To fill the gaps in national-level estimates, we quantified COVID mortality in India using one independent and two government data sources. The first study is mortality reported in a nationally representative telephone survey conducted by CVoter, an established, independent, private polling agency, which launched the survey on a nonprofit basis to help track the pandemic [see materials and methods, p. 2 (18)]. The COVID Tracker survey covers 0.14 million adults (including a substudy of 57,000 people in 13,500 households with more exact reporting of COVID and non-COVID deaths in immediate family members) (18, 19). In addition, we studied the Government of India’s administrative data on national facility-based deaths and CRS deaths in 10 states (fig. S2).

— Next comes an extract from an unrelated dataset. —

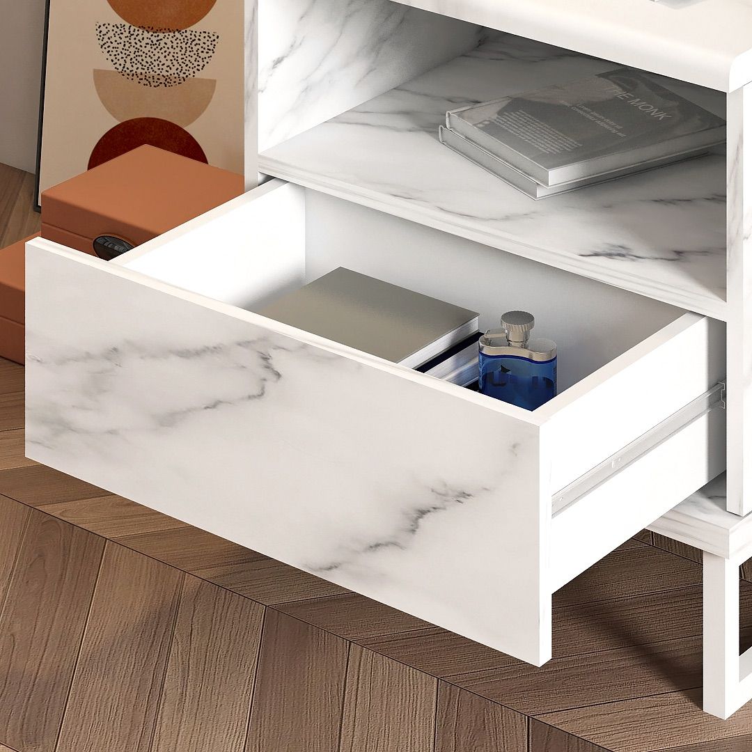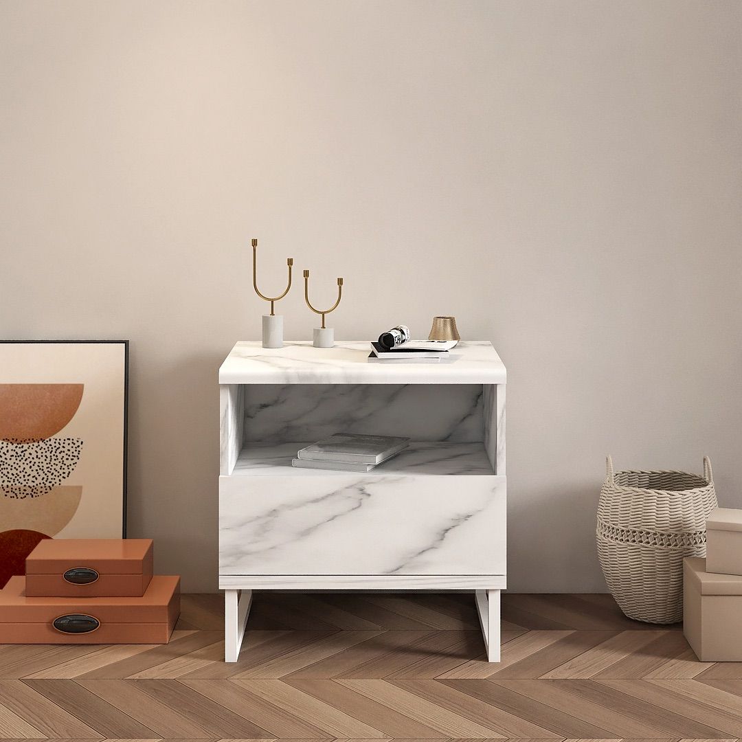 Bagian kaki menggunakan pipa besi dengan finishing powder coating warna putih, memberikan penopang yang stabil sekaligus kontras visual yang ringan terhadap bodi bermotif marble. Perpaduan material panel dan rangka besi menghasilkan desain nakas yang fungsional untuk penggunaan kamar tidur hunian.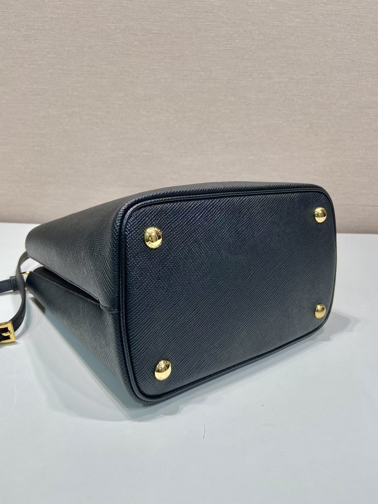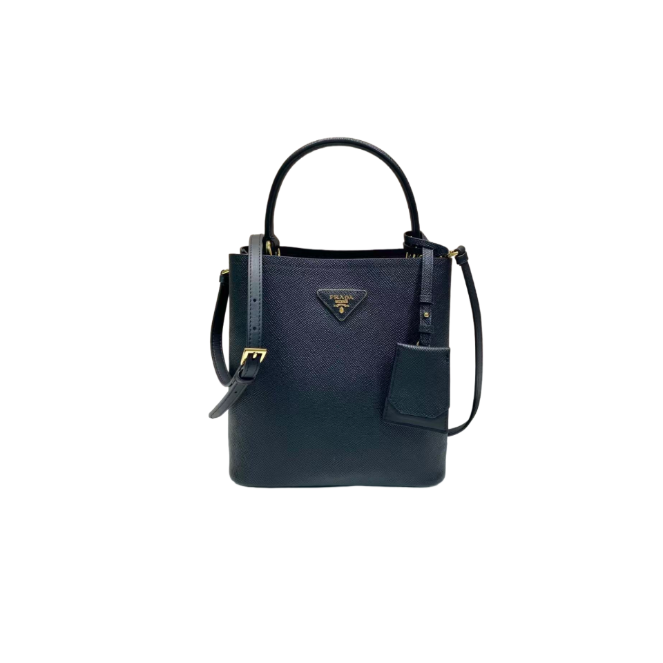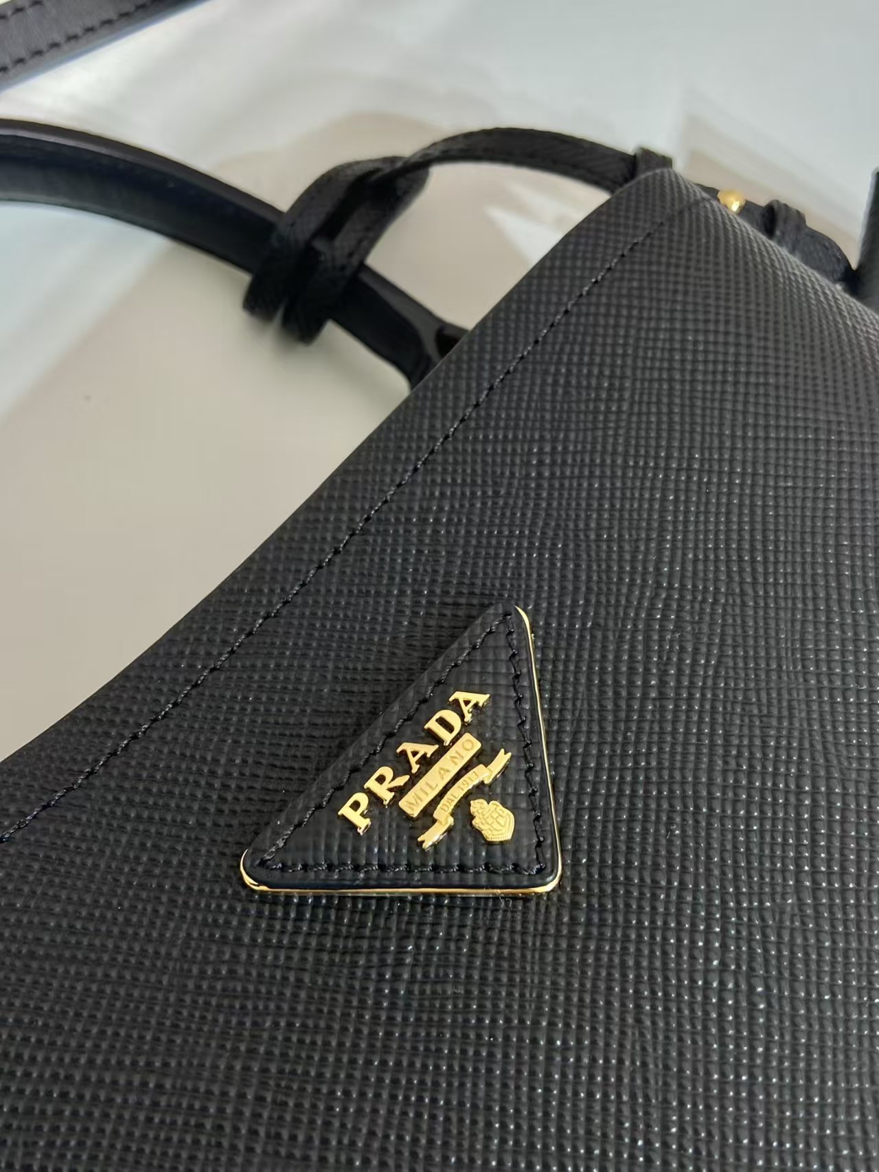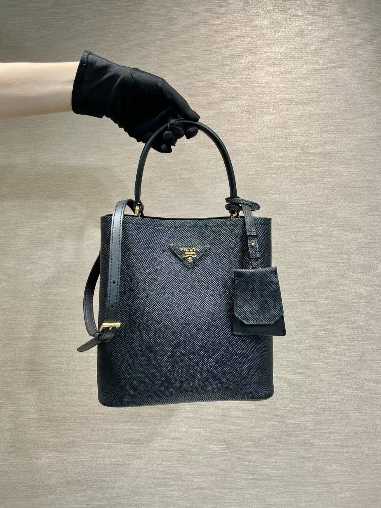 【介绍】 采用进口Saffiano皮革材质 ,可拆卸肩带、皮革铭牌和金属徽标相得益彰。皮革包覆式磁扣扣合的中央口袋 Saffiano皮革三角形徽标 撞色软羊革衬里, 这款 Double手袋款式优雅,醒目而别致,又是一款火爆款.

The CVoter Tracker survey is a nationally representative, random probability-based computer-assisted telephone interview survey carried out daily to track governance, media, and other socioeconomic indicators (19). In March 2020, it began to capture COVID symptoms among adults aged 18 years or older, covering ~2100 randomly selected respondents weekly, drawn from ~4000 local electoral areas in the whole of the country, providing a rolling 7-day average of COVID symptoms and deaths. The survey covers >98% of Indian population by geography, with interviews in 11 languages. The response rate was 55%; 137,289 respondents in all states and union territories were interviewed from March 2020 to July 2021.
Our numerator was defined as the average weekly percentages of surveyed households reporting a COVID death (defined by the household, as medical certification remains uncommon in India; fig. S1). We excluded the 16% of reported COVID deaths that were below age 35 years (confirmed COVID deaths below this age are infrequent; fig. S3) and subtracted a fixed percentage of 0.59%, which was an assumed value for reported deaths that did not occur among immediate family members. The assumed value drew on observed background rates during February–March 2021, when few COVID cases or deaths were reported in the official government data (see materials and methods, p. 3). Results using survey weights or raw proportions were similar, so we used the latter. We compared these survey-reported COVID deaths to a denominator defined as the expected weekly percentage for all-cause deaths, based on 2020 death totals from the UNPD’s comprehensive demographic estimates that combine censuses, survey data, and models (20) (Fig. 1). India had about 296 million households in 2020, with an average household size of 4.6 (21). Dividing this into the 10.16 million deaths estimated by the UNPD in India in 2020 yields ~3.4% of households expected to report a death from any cause in that year (with nearly identical results for 2021). To this expected all-cause proportion, we applied the weekly variation observed in the Million Death Study, a large and representative mortality study conducted within the SRS (3).